“That scoundrel!” cried the farmer angrily. “Ay, a scoundrel he was.” And a murmur from those around showed that he had voiced the general feeling. “He duped them all. Not a man but was on his side. I remember him, and his lying sermons and his talk—and I was no wiser than the rest, to doubt my old friend. Ørlygur à Borg, he was a true man, and Sera Ketill that killed him—his own father.... I shan’t forget! And his poor wife, the Danish Lady at Hof—ruined for life. Twenty years now she’s lived at Borg, and never got back to sense nor wit. ’Tis a comfort to think he’ll suffer for it all, or there’s no justice in heaven. The Devil must have marked him from the first—and took and kept him, and best he should. If I met Sera Ketill at the gates of Paradise, I’d turn and go another way.”

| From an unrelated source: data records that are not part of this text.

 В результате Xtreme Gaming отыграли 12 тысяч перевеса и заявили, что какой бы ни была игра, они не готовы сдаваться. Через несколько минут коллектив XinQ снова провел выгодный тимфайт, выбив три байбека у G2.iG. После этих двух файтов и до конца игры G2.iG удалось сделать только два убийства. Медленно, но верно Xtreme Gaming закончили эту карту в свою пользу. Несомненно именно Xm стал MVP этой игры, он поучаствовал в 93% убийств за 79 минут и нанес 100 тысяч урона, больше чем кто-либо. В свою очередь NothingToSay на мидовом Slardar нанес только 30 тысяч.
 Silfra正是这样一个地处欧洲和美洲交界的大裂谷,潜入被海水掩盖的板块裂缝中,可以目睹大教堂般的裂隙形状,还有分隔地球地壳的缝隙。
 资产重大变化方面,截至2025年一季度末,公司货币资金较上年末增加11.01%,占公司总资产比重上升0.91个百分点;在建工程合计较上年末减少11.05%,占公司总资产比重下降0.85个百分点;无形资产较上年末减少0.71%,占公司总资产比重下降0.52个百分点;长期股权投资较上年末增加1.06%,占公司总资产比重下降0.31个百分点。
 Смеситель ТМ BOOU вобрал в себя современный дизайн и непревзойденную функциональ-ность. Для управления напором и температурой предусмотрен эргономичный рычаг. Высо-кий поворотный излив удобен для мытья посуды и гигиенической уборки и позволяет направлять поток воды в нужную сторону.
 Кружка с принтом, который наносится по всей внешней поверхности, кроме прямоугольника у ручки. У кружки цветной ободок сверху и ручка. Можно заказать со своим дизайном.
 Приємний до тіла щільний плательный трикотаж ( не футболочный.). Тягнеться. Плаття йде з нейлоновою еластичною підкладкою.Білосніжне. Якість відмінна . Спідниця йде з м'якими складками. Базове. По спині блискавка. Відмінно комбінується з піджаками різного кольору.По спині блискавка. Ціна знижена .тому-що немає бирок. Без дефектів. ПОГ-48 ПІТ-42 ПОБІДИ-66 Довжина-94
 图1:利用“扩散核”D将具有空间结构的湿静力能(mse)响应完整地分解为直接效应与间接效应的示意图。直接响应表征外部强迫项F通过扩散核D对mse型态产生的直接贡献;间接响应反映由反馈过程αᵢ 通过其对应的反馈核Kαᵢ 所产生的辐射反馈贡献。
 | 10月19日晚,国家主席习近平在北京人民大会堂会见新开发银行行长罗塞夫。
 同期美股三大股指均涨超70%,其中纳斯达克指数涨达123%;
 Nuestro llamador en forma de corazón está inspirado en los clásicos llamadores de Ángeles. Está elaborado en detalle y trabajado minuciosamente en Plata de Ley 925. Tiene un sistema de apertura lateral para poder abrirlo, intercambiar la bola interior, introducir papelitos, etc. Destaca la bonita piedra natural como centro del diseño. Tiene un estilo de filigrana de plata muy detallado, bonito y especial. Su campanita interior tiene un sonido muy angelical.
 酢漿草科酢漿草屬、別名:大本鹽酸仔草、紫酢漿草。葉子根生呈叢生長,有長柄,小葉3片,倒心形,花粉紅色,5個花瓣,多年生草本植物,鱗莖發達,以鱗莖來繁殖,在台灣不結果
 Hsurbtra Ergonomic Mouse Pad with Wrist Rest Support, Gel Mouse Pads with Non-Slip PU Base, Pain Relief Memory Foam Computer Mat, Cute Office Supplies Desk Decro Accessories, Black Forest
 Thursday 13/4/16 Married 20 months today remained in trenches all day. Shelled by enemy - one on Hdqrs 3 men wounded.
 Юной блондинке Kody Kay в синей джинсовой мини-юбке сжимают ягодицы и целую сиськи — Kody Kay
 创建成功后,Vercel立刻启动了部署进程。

And the farmer laughed, pleased with his own wit and confident of his own salvation.
Guest the One-eyed had listened with pale face to the outburst of hatred and scorn. At last he rose heavily to his feet and said:
“It is time a weary man went to his rest.”
The farmer went with him to the barn.
“If you will sleep here,” he said. “Though why you should, with a fine bed waiting, I can’t see.”
“’Tis best to seek a place that’s not above one’s deserts,” said the other mildly. And he added, “Though, for some, it may be hard to find.”
Left to himself, the wanderer lay staring into the darkness. And his lips moved in an inaudible prayer.
“My God, my God—if only I might dare to hope for forgiveness at the last; only one gleam of Thy mercy to lighten my heart. I am weighed down with the burden of my sin, and long has been my penance, but what is all against the evil I have done? Yet I thank Thee, Lord, that I alone am let to suffer; that Thy wrath has not been visited on that innocent child.”